» **Information shown**:
###
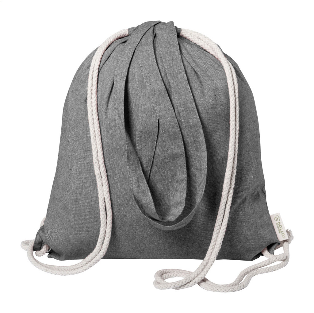 Pamut táska újrahasznosított pamutból, vastag fonott zsinórral és hosszú hordfüllel. Bevásárlótáskaként is használható. 100% újrahasznosított pamut, 140 g/m².
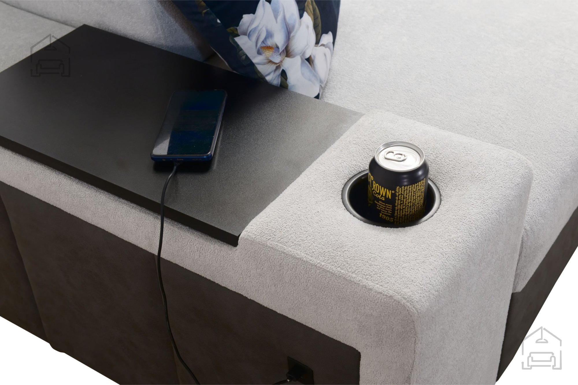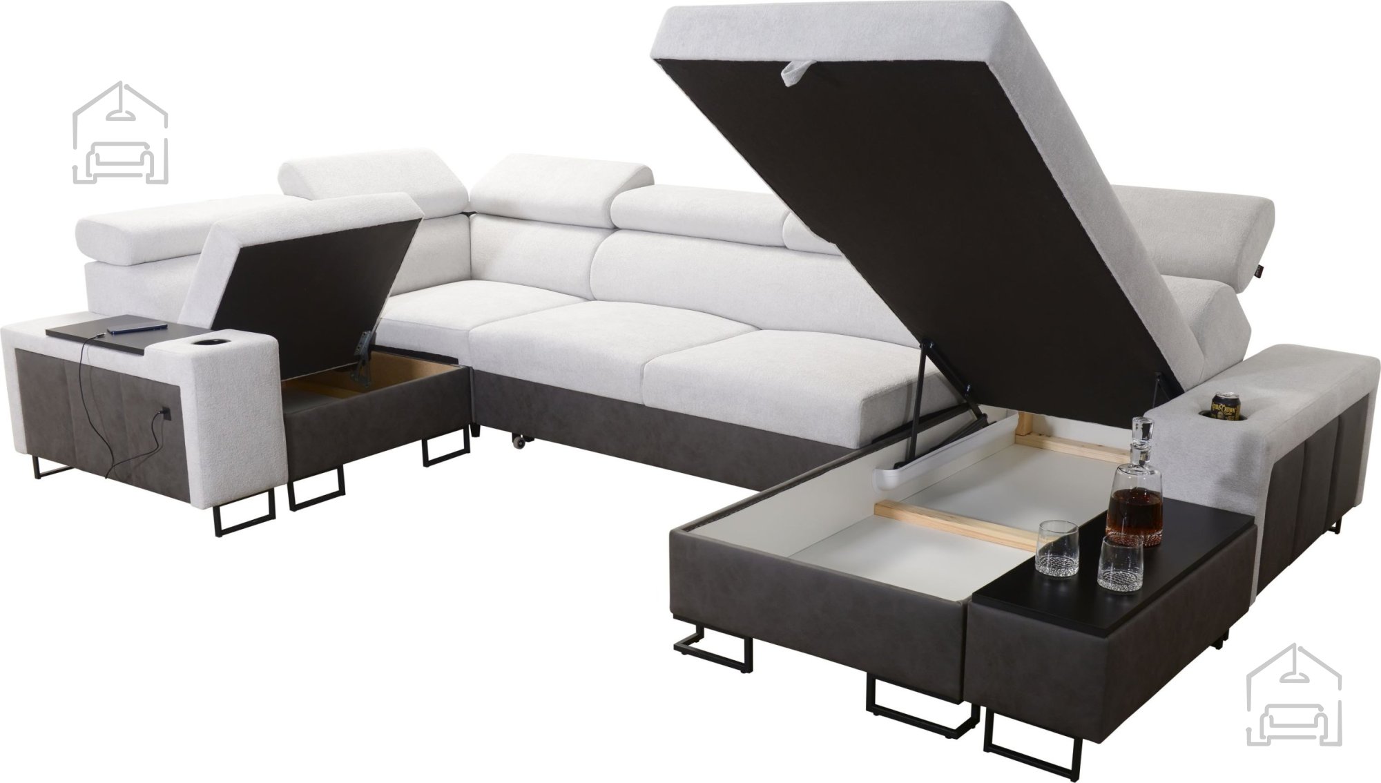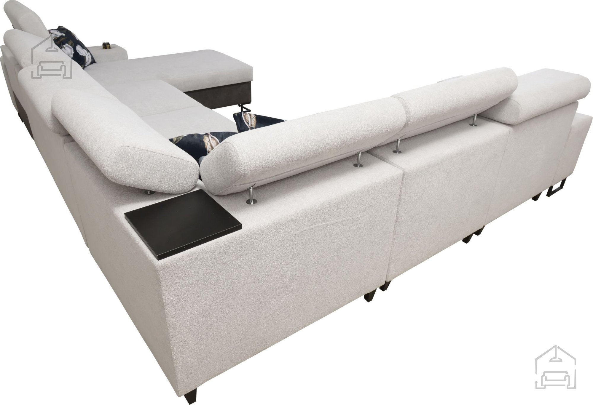 Die Wohnlandschaft ist mit einem Regal im Eckteil ausgestattet, das Design und Funktionalität ergänzt. Optional können Kissen mit Reißverschluss (gegen Aufpreis) bestellt werden, was Reinigung und Bezugstausch erleichtert. Die Liegefläche wird standardmäßig in einer kontrastierenden Farbkombination gefertigt, kann aber auf Wunsch – ebenfalls gegen Aufpreis – in der Stofffarbe der Garnitur bestellt werden. In der Standardausführung wählt der Hersteller den Farbton und die Struktur der Liegefläche zufällig aus, wodurch jedes Stück zu einem kleinen Unikat wird.
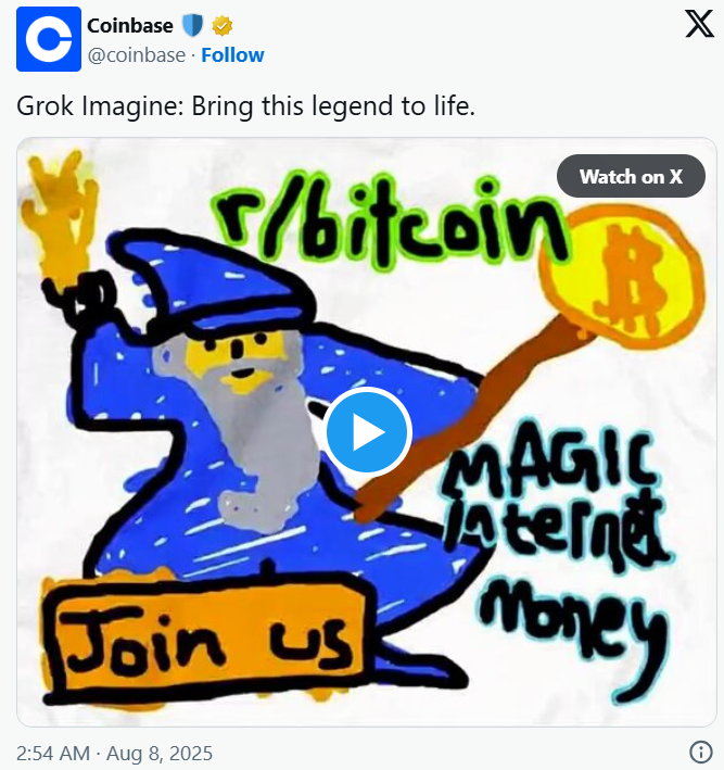 8월 8일(현지시간) 암호화폐 전문매체 유투데이에 따르면, 머스크는 코인베이스(Coinbase)의 공식 X 계정이 게시한 ‘비트코인 마법사’ 애니메이션을 리포스트하며 웃는 이모티콘으로 반응을 남겼다. 이 밈은 ‘매직 인터넷 머니(Magic Internet Money)’라는 문구와 함께 비트코인을 대표하는 OG 밈으로 널리 알려져 있다.
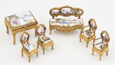 The set consists of a piano, a settee, a screen, a table, two armchairs and two chairs. The front and back of each piece is painted in enamel, with Rococo scenes, showing lovers, musicians in an idyllic, landscape surroundings. This is a less elaborate, nineteenth century version of fashionable vitrine objects that were wide-spread from the 18th century onwards.
###
» **Task directions**:
Please give the data again unaltered, leaving out any images.

» **Task solution**:
 Pamut táska újrahasznosított pamutból, vastag fonott zsinórral és hosszú hordfüllel. Bevásárlótáskaként is használható. 100% újrahasznosított pamut, 140 g/m².
 Die Wohnlandschaft ist mit einem Regal im Eckteil ausgestattet, das Design und Funktionalität ergänzt. Optional können Kissen mit Reißverschluss (gegen Aufpreis) bestellt werden, was Reinigung und Bezugstausch erleichtert. Die Liegefläche wird standardmäßig in einer kontrastierenden Farbkombination gefertigt, kann aber auf Wunsch – ebenfalls gegen Aufpreis – in der Stofffarbe der Garnitur bestellt werden. In der Standardausführung wählt der Hersteller den Farbton und die Struktur der Liegefläche zufällig aus, wodurch jedes Stück zu einem kleinen Unikat wird.
 8월 8일(현지시간) 암호화폐 전문매체 유투데이에 따르면, 머스크는 코인베이스(Coinbase)의 공식 X 계정이 게시한 ‘비트코인 마법사’ 애니메이션을 리포스트하며 웃는 이모티콘으로 반응을 남겼다. 이 밈은 ‘매직 인터넷 머니(Magic Internet Money)’라는 문구와 함께 비트코인을 대표하는 OG 밈으로 널리 알려져 있다.
 The set consists of a piano, a settee, a screen, a table, two armchairs and two chairs. The front and back of each piece is painted in enamel, with Rococo scenes, showing lovers, musicians in an idyllic, landscape surroundings. This is a less elaborate, nineteenth century version of fashionable vitrine objects that were wide-spread from the 18th century onwards.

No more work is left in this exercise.